Figura 2 – Efeito da cor do fundo sobre a cor à frente.
(Fonte: autores)
De fato, parece impossível fornecer uma boa explicação para a cor de um corpo sem apelar
para ideias e conhecimentos provenientes exclusivamente da Física. O fenômeno da cor de um
corpo não está associado apenas à frequência da onda eletromagnética que ele emite e/ou
reflete. Podemos ilustrar esse argumento com um exemplo disso, através do ‘efeito de fundo’,
conforme representado na Figura 2. O efeito de fundo é um fenômeno que envolve a influência
de uma cor sobre a percepção de outra. Esse efeito é mais bem explicado utilizando-se
conhecimentos da Psicologia ou da Neurociência.
Na Figura 2, as frequências das luzes refletidas pelos dois círculos são idênticas. Por causa
da cor verde ou amarela do fundo quadrado, a cor do círculo é percebida, no primeiro caso, mais
amarela ou mais clara, e no segundo caso, mais verde ou mais escura.
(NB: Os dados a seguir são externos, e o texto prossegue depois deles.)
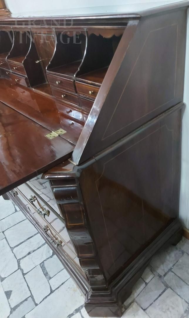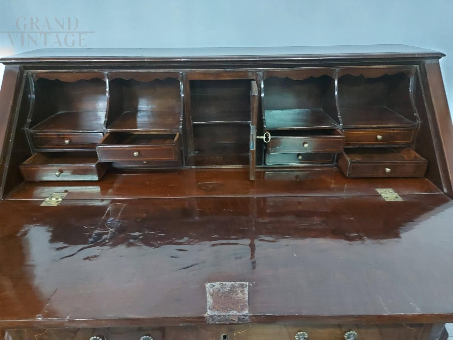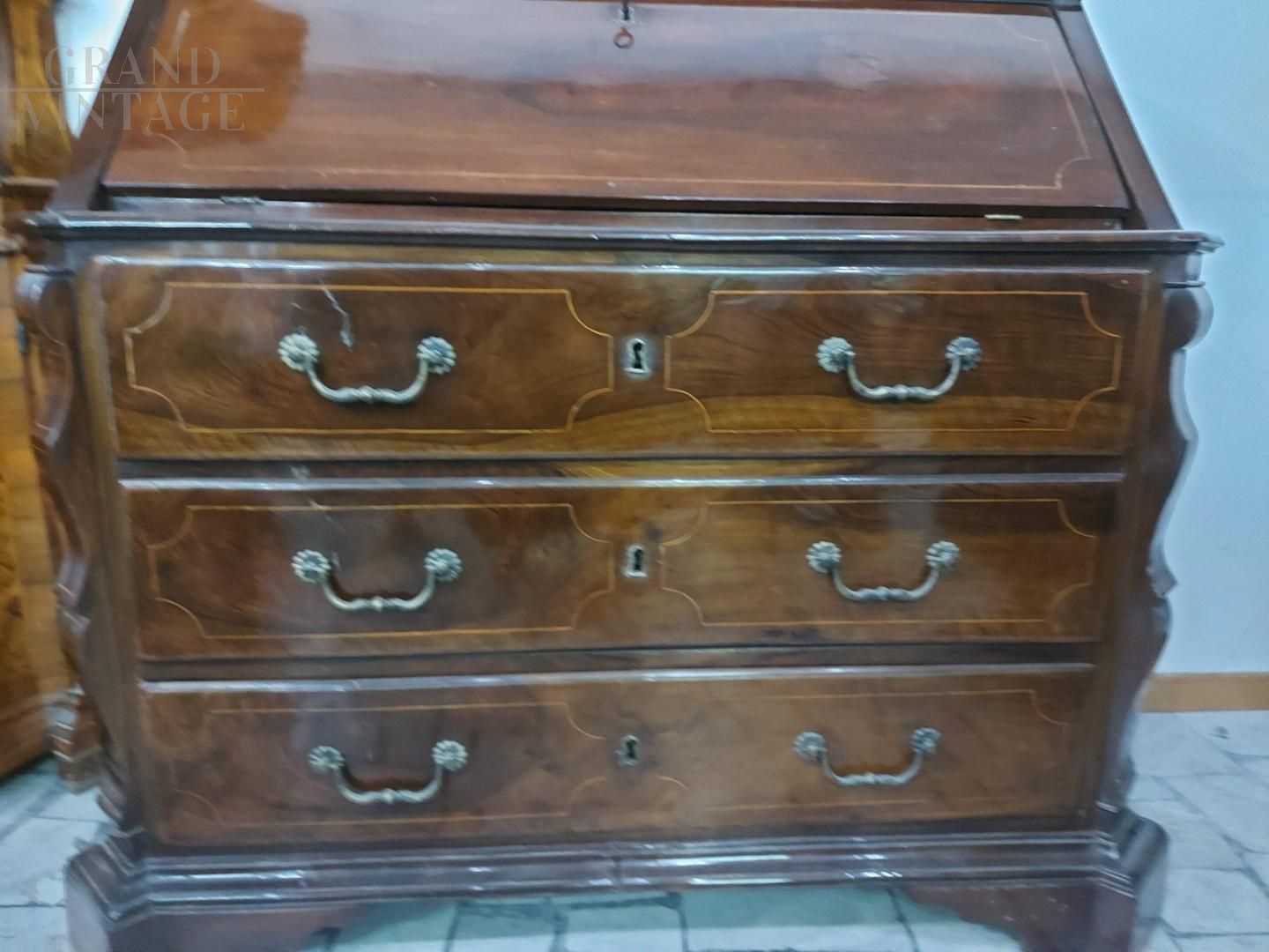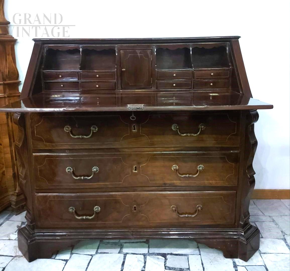 Comò antico con ribalta in legno di noce lastronato e filettato in legno di bosso anche sui lati, con maniglie in bronzo originale, interno con cassettini e segreti, piano a carattere. Epoca tardo Luigi XVI, Italia.

Pedrosa (1982) estudou
profundamente o efeito de fundo para desenvolver o que chamou de ‘cor inexistente’. A
explicação para a cor dos corpos meramente baseada na física da luz não dá conta do efeito de
fundo da Figura 2. As frequências das ondas eletromagnéticas refletidas pelos dois círculos são
idênticas e, portanto, eles deveriam apresentar a mesma cor. Pode-se dizer que a cor física é a
mesma (ondas eletromagnéticas de mesma frequência), mas a cor psicológica não é.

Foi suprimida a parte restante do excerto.